**Your instructions**: After finding the line with "akaun Discord anda.", restate it and each remaining line of the material word for word, omitting every picture.

++++ Provided entries ++++

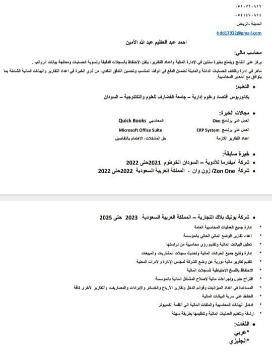 يطلب عمل حسابات في منطقة عسير السعودية
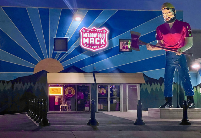 Meadow Gold Mack: Across the street from Buck’s On 66 is the ‘Friendly Lumberjack’ who stands in from of the Meadow Gold facility. The facility sells a variety of items including vintage items, books, and plants along with Tulsa related items and Route 66 items. Sitting next to the Meadow Gold facility is the Meadow Gold sign, which has been a part of Tulsa’s landscape for years. Photo by Gary Warren/ladailypost.com
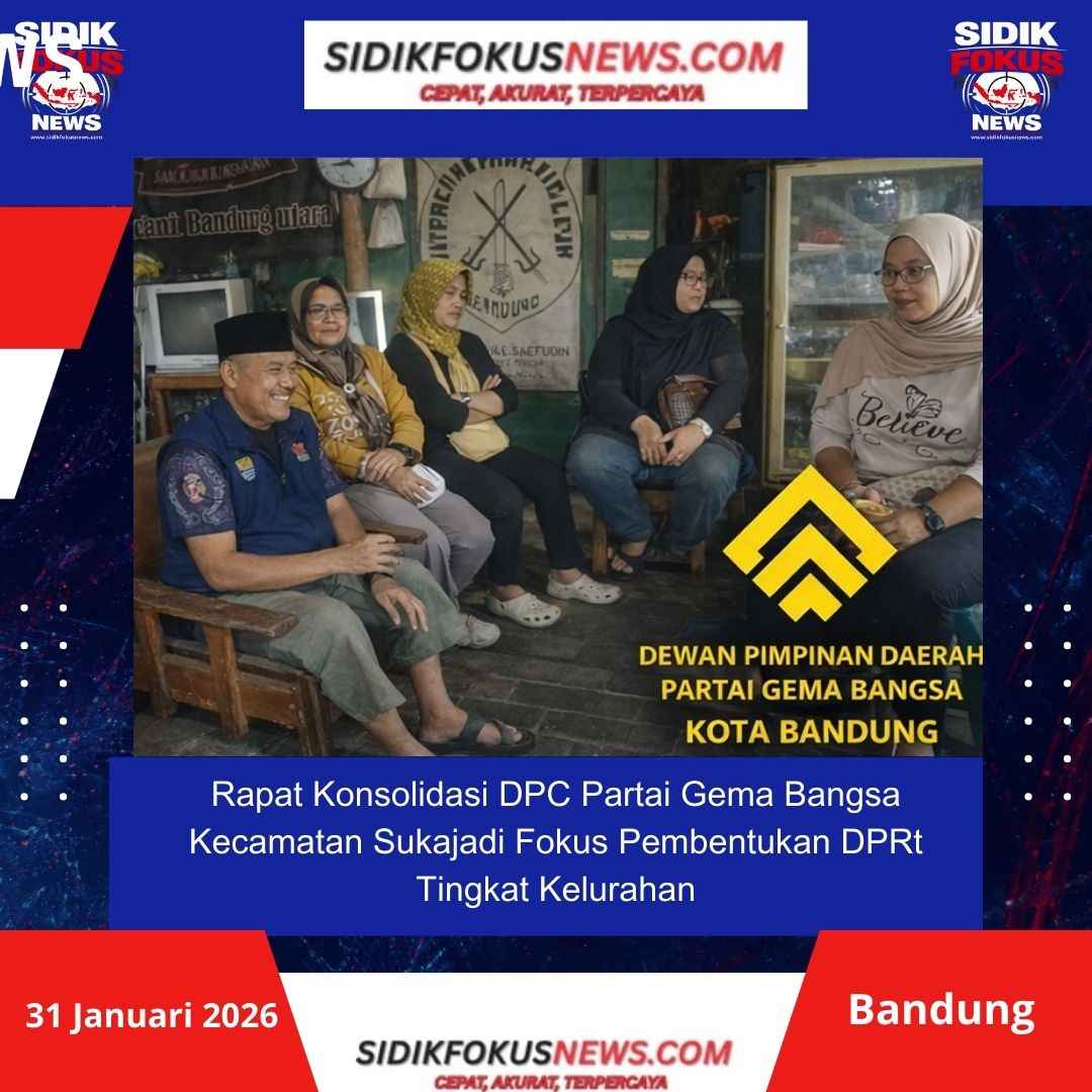 SIDIKFOKUSNEWS|Bandung,31 Januari 2026– Dewan Pimpinan Cabang (DPC) Partai Gema Bangsa Kecamatan Sukajadi menggelar rapat konsolidasi sebagai langkah penguatan struktur organisasi di tingkat bawah. Rapat tersebut dipimpin langsung oleh Ketua DPC Kecamatan Sukajadi, Abah Warbu, dan dihadiri oleh jajaran pengurus serta simpatisan.
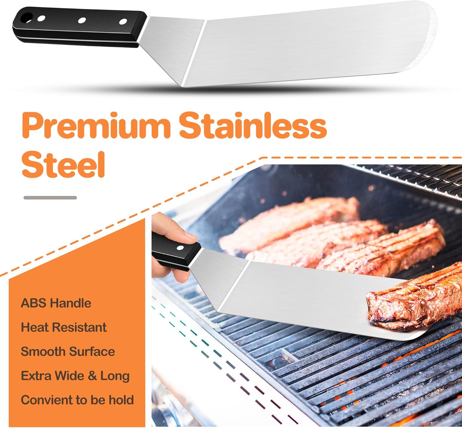Joyfair Griddle Spatula, Stainless Steel BBQ Spatula Set of 3, Burger Turner/Griddle Accessories/Pancake Flipper Great for Cast Iron Griddle BBQ Grill Flat Top, Commercial Grade & Dishwasher Safe
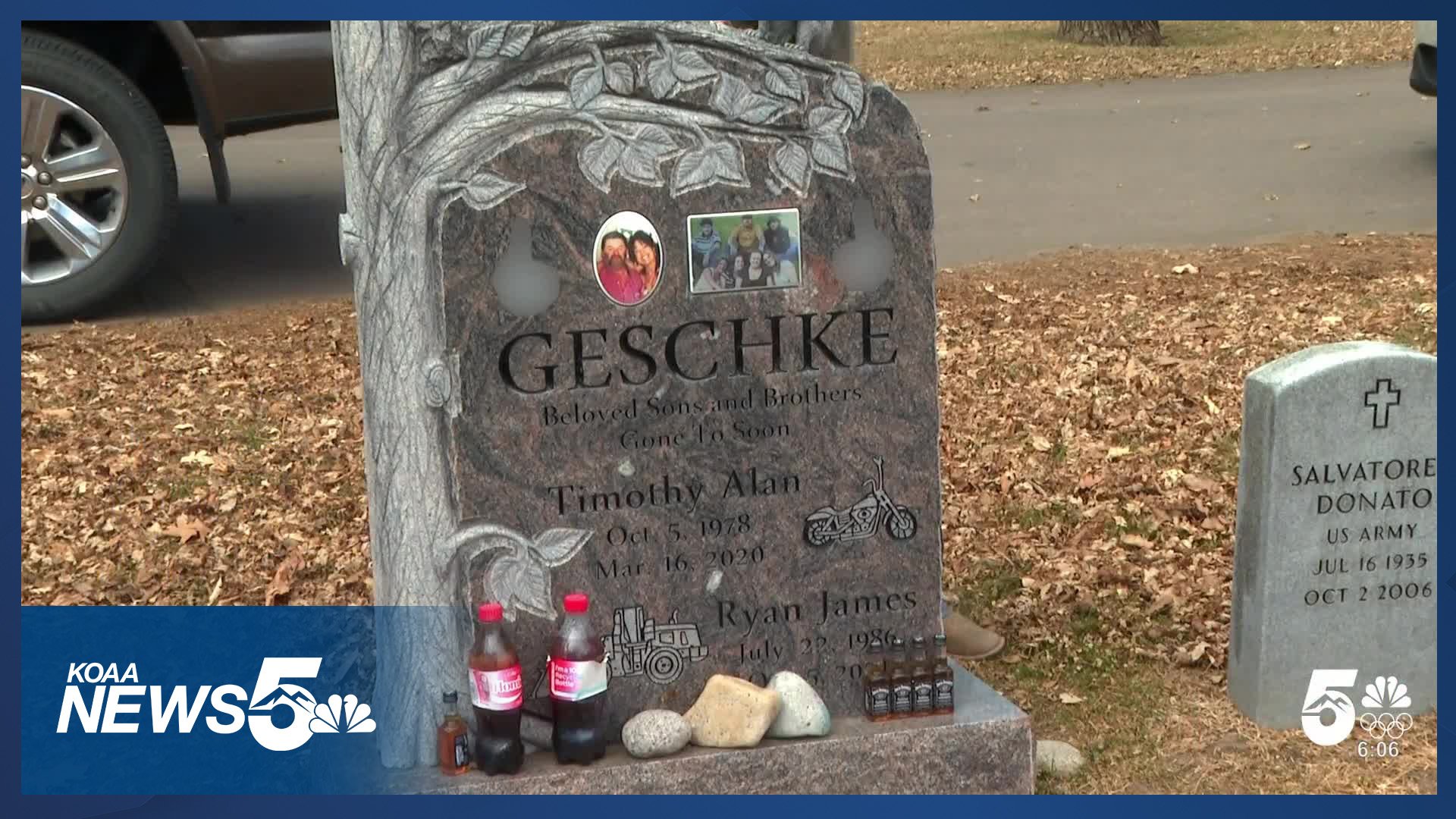 The Geschke family contacted News5 after discovering black tape covering parts of their brothers' headstone at Evergreen Cemetery. The cemetery's manager said the headstone contains "inappropriate images" that violate cemetery rules.
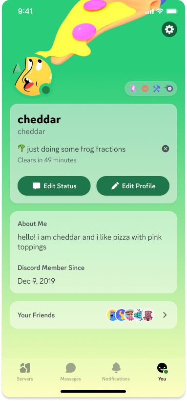 Halaman “You” ini adalah versi baharu untuk paparan profil anda supaya ia kelihatan lebih menarik dengan tambahan bahagian tetapan di bahagian atas kanan bagi mengakses tetapan akaun Discord anda.
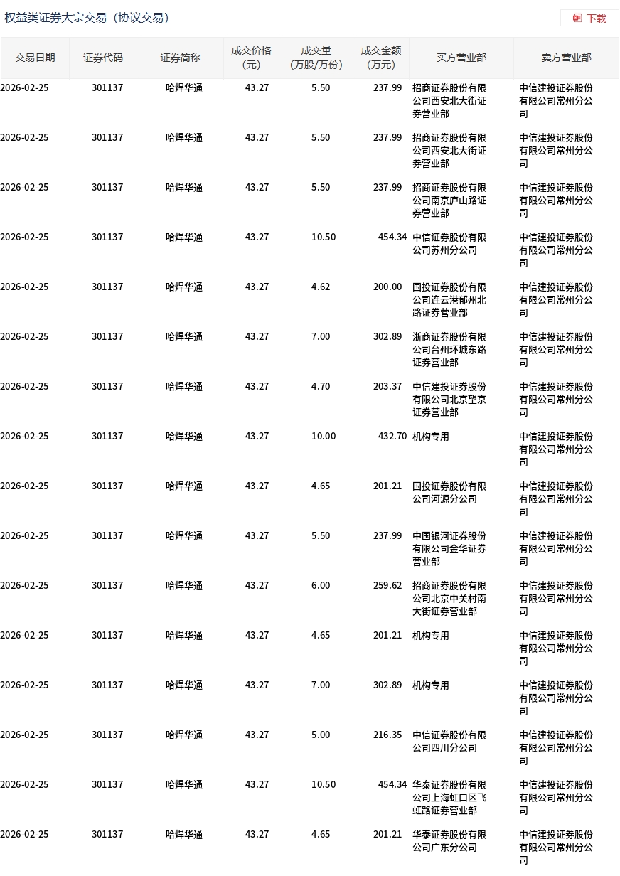 2月25日,哈焊華通大宗交易成交101.27萬股,成交額4382.09萬元,占當(dāng)日總成交額的8.9%,成交價43.27元,較市場收盤價53.33元折價18.86%。
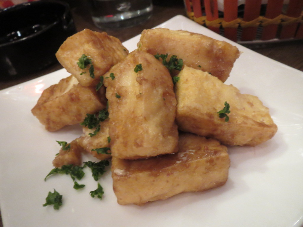 宴会前だから軽くつまめる物をと思ってメニューを見回してみたんだ。選んだのは「アンチョビ揚げ豆腐」。アンチョビを混ぜ込んだ衣で包んだとうふを揚げてあったよ。

++++

**Problem solution**:
 Halaman “You” ini adalah versi baharu untuk paparan profil anda supaya ia kelihatan lebih menarik dengan tambahan bahagian tetapan di bahagian atas kanan bagi mengakses tetapan akaun Discord anda.
 2月25日,哈焊華通大宗交易成交101.27萬股,成交額4382.09萬元,占當(dāng)日總成交額的8.9%,成交價43.27元,較市場收盤價53.33元折價18.86%。
 宴会前だから軽くつまめる物をと思ってメニューを見回してみたんだ。選んだのは「アンチョビ揚げ豆腐」。アンチョビを混ぜ込んだ衣で包んだとうふを揚げてあったよ。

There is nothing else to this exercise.